Using RegEx split the string

I have a string like '[1]-[2]-[3],[4]-[5],[6,7,8],[9]' or '[Computers]-[Apple]-[Laptop],[Cables]-[Cables,Connectors],[Adapters]', I'd like the Pattern to get the list result, but don't know how to figure out the pattern.
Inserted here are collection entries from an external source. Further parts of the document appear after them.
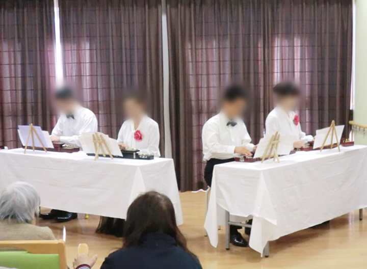 「プレザンメゾン八王子高倉」では、日常生活の中で、ご入居者様が持っている力を十分発揮できる機会を作ることに力を入れています。外部ボランティア様のご協力のもと、ちぎり絵サークル、習字サークル、吹き矢サークル、健康体操教室を立ち上げ、ご家族様からも大変喜んでいただいております。また、ご入居者様とスタッフとで協力して制作した作品を作品展に出品し、ご入居者様をお連れして、生きる活力のお力添えとなるよう努めています。また当施設は、月間レクリエーションにも力を入れており、年に2回の日帰りバス旅行、近隣レストランへ外食、近隣の神社や公園等へのお散歩等を行っています。毎日午後からレクリエーションの時間があり、フロア毎に歌やクイズ、ラジオ体操等を実施しています。いつも元気で笑ったり、また集中して力を発揮する…そんな充実した生活を送れるようスタッフ一同心からお手伝いをさせていただいています。上品なマンションのような外観。和を基調とした作り。 まるで旅館にでも泊まりに来たような気分になれる半露天の石造りのお風呂。 特徴ある設備がそろった施設となっております。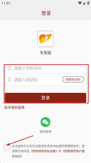 2、在登錄頁面輸入手機(jī)號碼,勾選后點(diǎn)擊獲取驗(yàn)證碼,輸入驗(yàn)證碼后點(diǎn)擊登錄。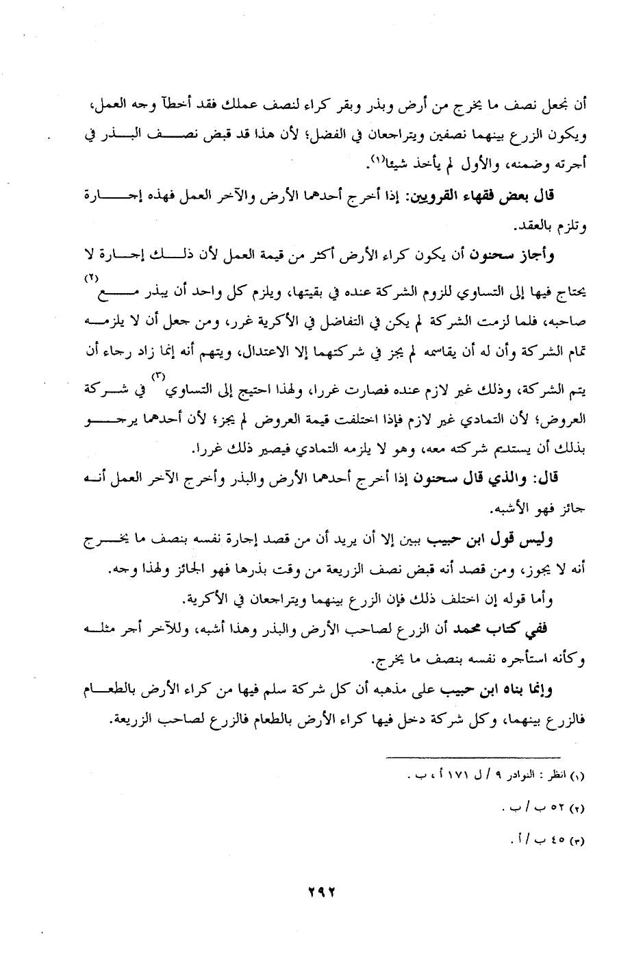 وإنما بنا ابن حبيب على مذهبه أن كل شركة سلم فيها من كراء الأرض بالطعام فالزرع بينهما، وكل شركة دخل فيها كراء الرض بالطعام فالزرع لصاحب الزريعة.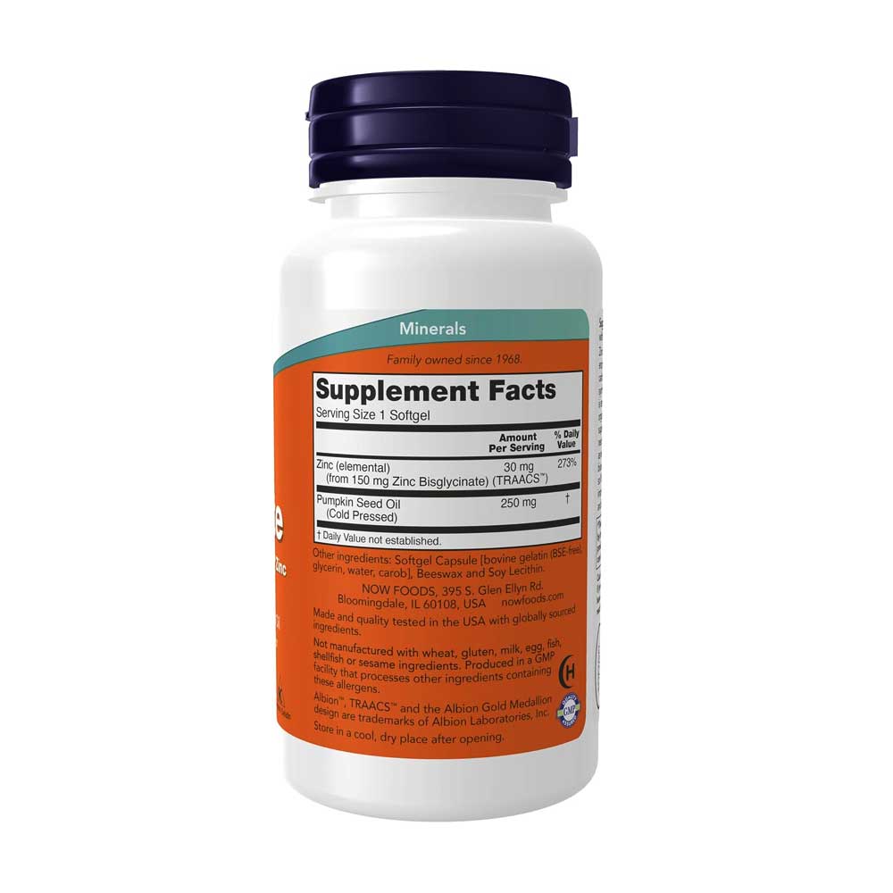 Buy Now Zinc Glycinate 30mg Albion Traacs Zinc Immune Support 120 Capsules online from Cellsii. NOW Zinc Glycinate 30 mg Albion TRAACS Zinc softgels include 250 mg pumpkin seed oil. Zinc is a mineral co-factor in hundreds of enzymatic reactions related to protein and carbohydrate metabolism, RNA/DNA synthesis and intercellular signaling.

Basically the comma is the split, but [6,7,8] itself contains the comma as well.
the string: [1]-[2]-[3],[4]-[5],[6,7,8],[9]
the result:
[1]-[2]-[3]
[4]-[5]
[6,7,8]
[9]
or
the string: [Computers]-[Apple]-[Laptop],[Cables]-[Cables,Connectors],[Adapters]
the result:
[Computers]-[Apple]-[Laptop]
[Cables]-[Cables,Connectors]
[Adapters]
,(?=\[)
This pattern splits on any comma that is followed by a bracket, but keeps the bracket within the result text.
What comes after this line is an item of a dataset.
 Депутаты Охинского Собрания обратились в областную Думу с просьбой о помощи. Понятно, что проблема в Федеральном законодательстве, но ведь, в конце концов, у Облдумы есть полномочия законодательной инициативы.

The (?=*stuff*) is known as a "lookahead assertion". It acts as a condition for the match but is not itself part of the match.
In C# code:
String inputstring = "[Computers]-[Apple]-[Laptop],[Cables]-[Cables,Connectors],[Adapters]";
foreach(String s in Regex.Split(inputstring, #",(?=\[)"))
System.Console.Out.WriteLine(s);
In Java code:
String inputstring = "[Computers]-[Apple]-[Laptop],[Cables]-[Cables,Connectors],[Adapters]";
Pattern p = Pattern.compile(",(?=\\[)"));
for(String s : p.split(inputstring))
System.out.println(s);
Either produces:
[Computers]-[Apple]-[Laptop]
[Cables]-[Cables,Connectors]
[Adapters]
Although I believe the best approach here is to use split (as presented by #j__m's answer), here's an approach that uses matching rather than splitting.
Regex:
(\[.*?\](?!-))
Example usage:
String input = "[Computers]-[Apple]-[Laptop],[Cables]-[Cables,Connectors],[Adapters]";
Pattern p = Pattern.compile("(\\[.*?\\](?!-))");
Matcher m = p.matcher(input);
while (m.find()) {
System.out.println(m.group(1));
}
Resulting output:
[Computers]-[Apple]-[Laptop]
[Cables]-[Cables,Connectors]
[Adapters]
An answer that doesn't use regular expressions (if that's worth something in ease of understanding what's going on) is:
substitute "]#[" for "],["
split on "#"